Chook's Tracks

It may be of interest to Paeroa folk that they had a mine well ahead of Waihi but it wasn't a gold mine but a coal mine which was situated up the Tarariki Creek.

Discovered in 1875 and recorded in the Thames Advertiser on March 15th 1875 as thus:

A Mr Hennelly accompanied by Messrs Wright and Bayldon surveyors Mr Cashell and Mr Smith, one of the claimants of the Prospectors Reserve, travelled up the creek on which the coal had been found. They came back that night with the following information. There were two seams overlaying each other about 50 feet apart. The lower seam being about 18 inches thick, the other on the same bearing 3 foot to four foot thick.

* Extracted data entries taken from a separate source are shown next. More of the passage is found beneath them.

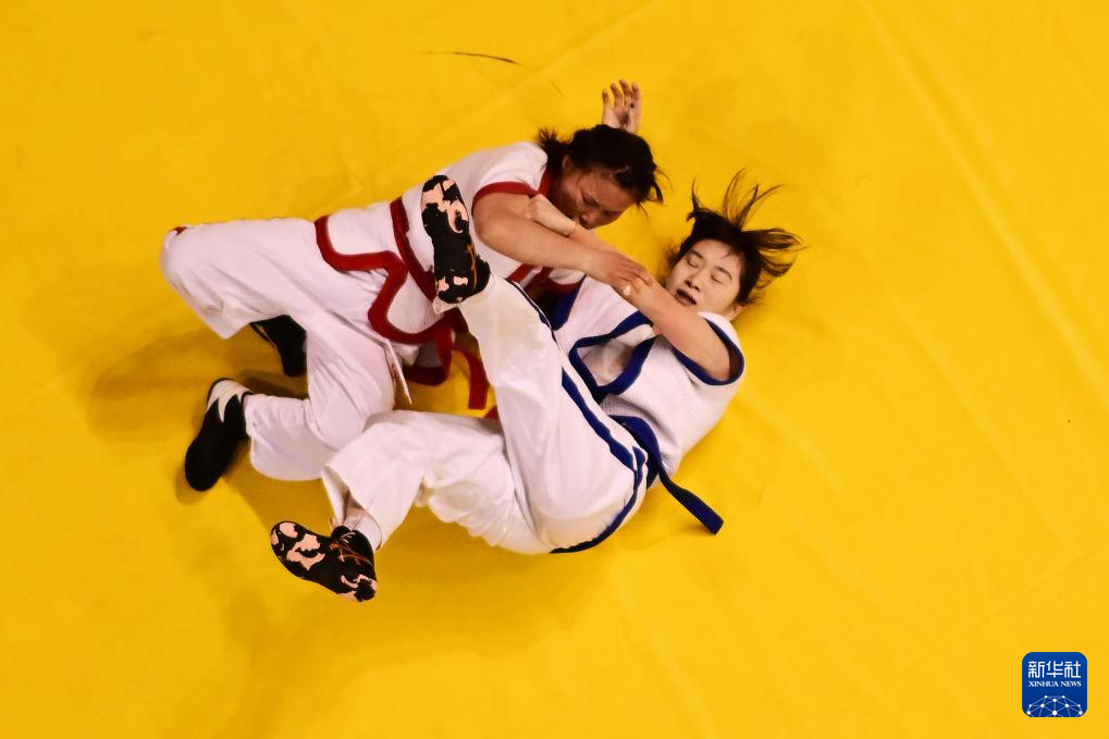 3月24日,首都体育学院队选手丁艺(右)与江西师范大学科学技术学院体育学院队选手仲前程在女子60公斤级半决赛中。最终,丁艺战胜仲前程,晋级决赛。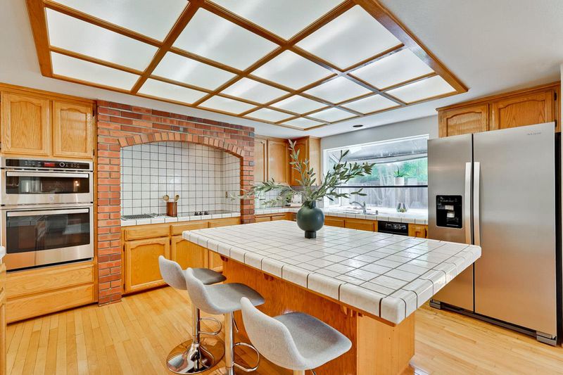 Built-in BBQ Grill, Cooktop - Electric, Countertop - Stone, Countertop - Tile, Dishwasher, Exhaust Fan, Garbage Disposal, Hookups - Gas, Island, Pantry, Refrigerator, Trash Compactor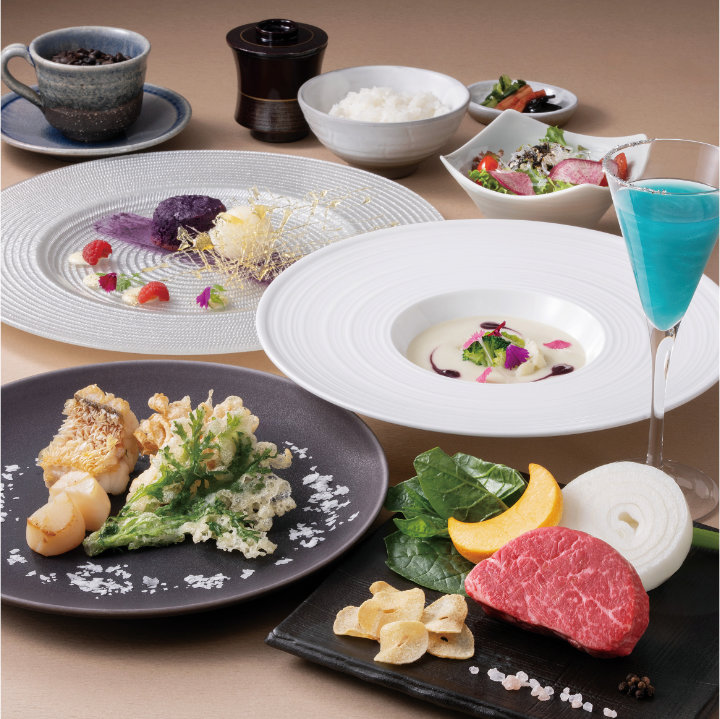 星組の鮮やかなブルーが煌めくドリンクに始まり、花組をイメージした花野菜をあしらったあたたかいスープ、雪組は降りしきる雪を思わせる塩と野菜のフリットを。月組のモチーフをかたどった焼き野菜に、デザートには宙組の紫色のスイートポテトとアイスを添えました。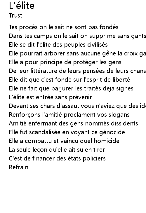 | 歌曲 | L'élite |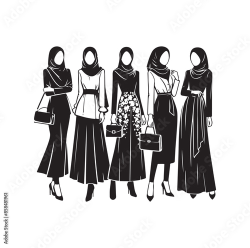 hijab style standing style vector illustration design silhouette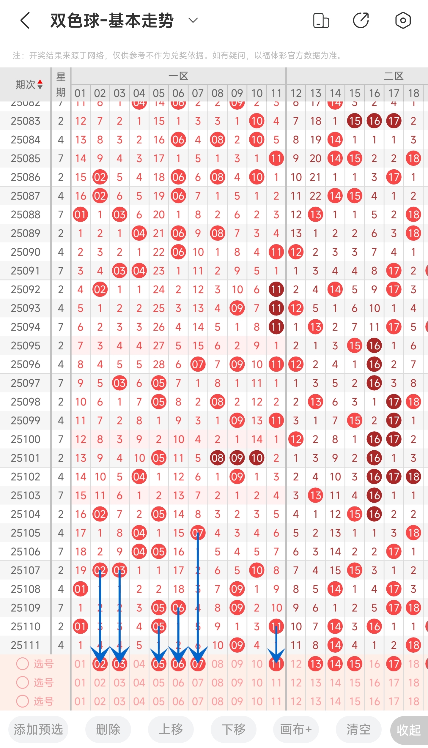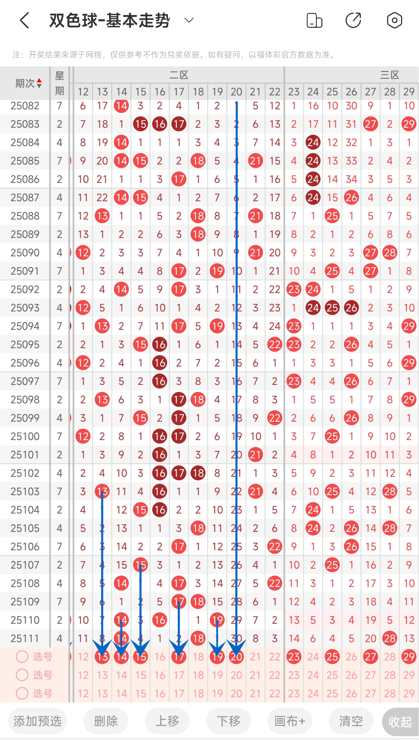 上一期二区开出了14,18等号码。往前一期开出了14,16,19。通过分析走势图,可以看到上期开出的号码也是开了比较中间的号码,结合近几期的开号趋势来看,号码也是集中在中间部分的,所以本期我们也是主要关注中间部分的号码,再兼顾一下左右两边的号码。最后结合冷热号和遗漏期数,本期我们可以关注一下13,14,15,17,19,20等号码。综上所述推测本期可能开13,14,15,17,19,20等号码。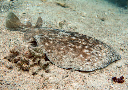 Close up of a stingray on the seabed of Stingrays. This electric stingray grows up to 100 cm and feeds on fish and bottom dwellers.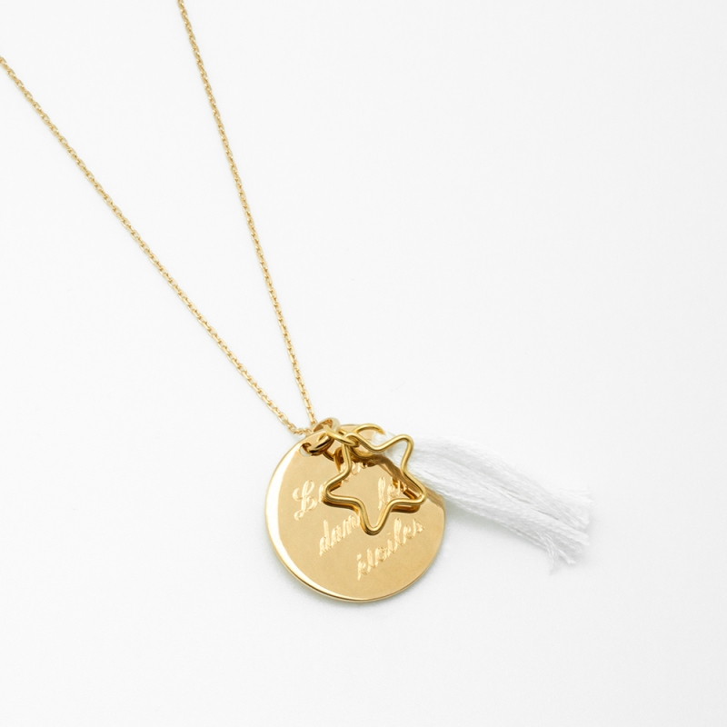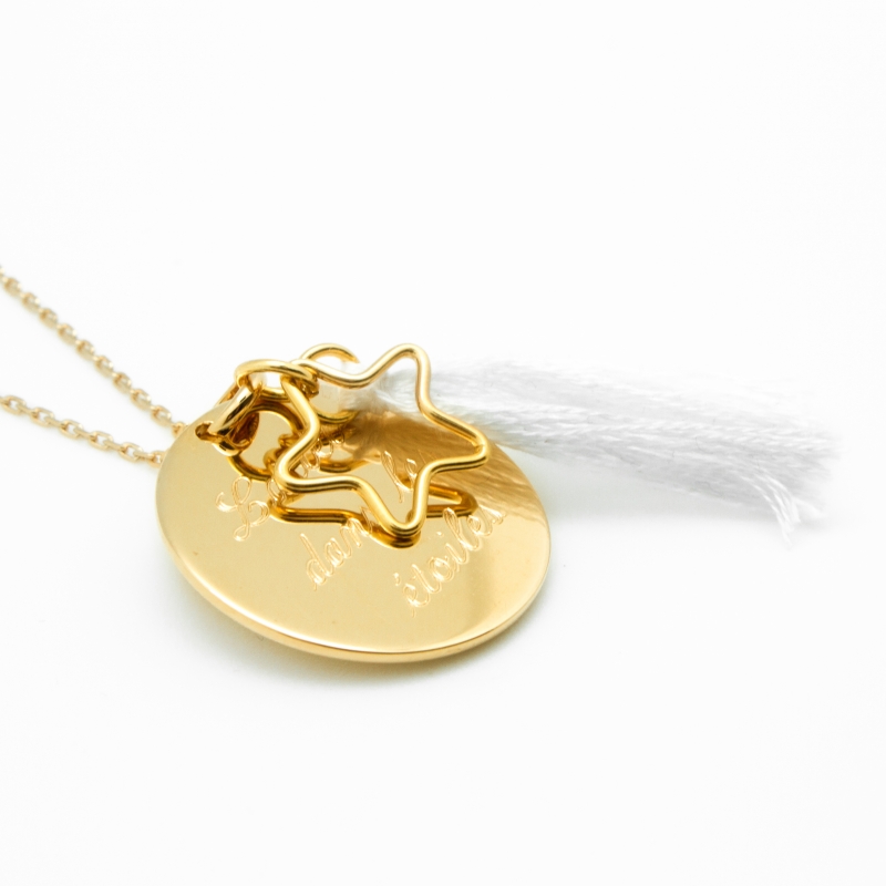 La médaille en plaqué or est personnalisée avec la gravure de votre choix : mots doux, prénoms, dates…

They sunk a hole four foot deep by six foot long onto the main seam and removed large lumps of coal which burnt well. They also found a little oil on the water which burnt with a slight flame.

Mr Wright estimated that the full cost of mining the coal and delivering it to Paeroa, about three miles away, would be about 2 shillings [20 cents] per ton.

The coal was latter delivered to Paeroa in wagons pulled by bullocks owned by the late Mr Trainor of Reservoir Road and shipped to Thames and Auckland from a wharf behind Fathers Tavern, Paeroa.

The mine, I believe, became uneconomic because of the varied widths of the coal seams leaving too much overburden to remove. Paeroa should not be out done by Waihi as it would take only about $100,000 to place a wooden wagon with two bullocks attached made of fibreglass, the coal likewise, along side the L and P Bottle.

The above mine was rediscovered around 1980 by the Sutton brothers, Arthur and Chook, along with their late brother-in-law Pat O'Hara and over the years have taken many people to see it but it took them years to find any real information about it. In the past weeks more has come to hand from Michael O'Connell and Graham Watton of Paeroa. A sample of the coal is now at the Paeroa Museum.

By what we read of late about mining the old saying that the definition of a mine is "a hole in the ground surrounded by thieves" still stands today.